Il soutient que la décision attaquée :
- est entachée d’un défaut de motivation ;
- méconnaît les articles L. 435-1 et L. 423-23 du code de l’entrée et du séjour des étrangers et du droit d’asile ;
- a été prise en méconnaissance de l’article 8 de la convention européenne de sauvegarde des droits de l’homme et des libertés fondamentales ;
- est entachée d’une erreur manifeste d’appréciation.
La requête a été communiquée au préfet de la Seine-Saint-Denis, qui n’a pas présenté de mémoire en défense.
Par un mémoire en défense, enregistré le 6 juin 2025, le préfet de la Seine-Saint-Denis conclut au rejet de la requête.
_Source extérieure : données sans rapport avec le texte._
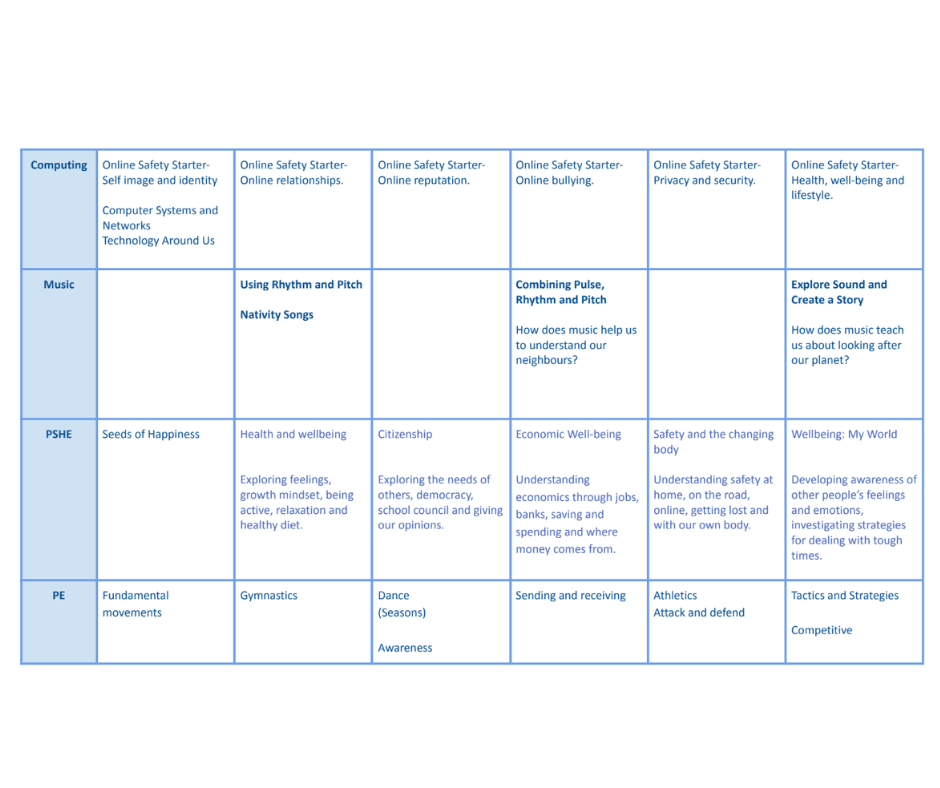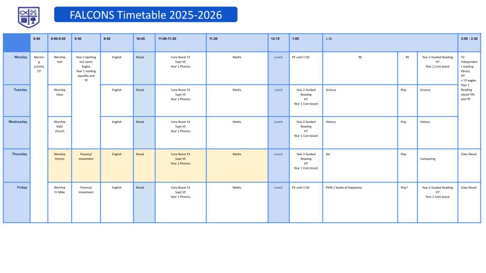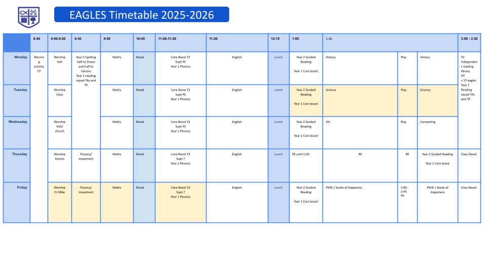 Timetables are created for each half term and ensure that we provide the coverage and time allocation for each subject.

Les parties ont été informées, en application des dispositions de l’article R. 611-7 du code de justice administrative, de ce que le tribunal est susceptible de relever d’office le moyen d’ordre public tiré de l’irrecevabilité des conclusions dirigées contre la décision implicite de refus de séjour du 6 août 2023, au motif qu’une telle décision serait inexistante : le requérant n’établit pas avoir effectivement présenté une demande de titre de séjour le 6 avril 2023.
Un mémoire, présenté pour M. C…, a été enregistré le 9 juin 2025 et n’a pas été communiqué.
Vu les autres pièces du dossier.
Vu :
- le code de l’entrée et du séjour des étrangers et du droit d’asile ;
- le code des relations entre le public et l’administration ;
- le code de justice administrative.
Le président de la formation de jugement a dispensé le rapporteur public, sur sa proposition, de prononcer des conclusions à l’audience.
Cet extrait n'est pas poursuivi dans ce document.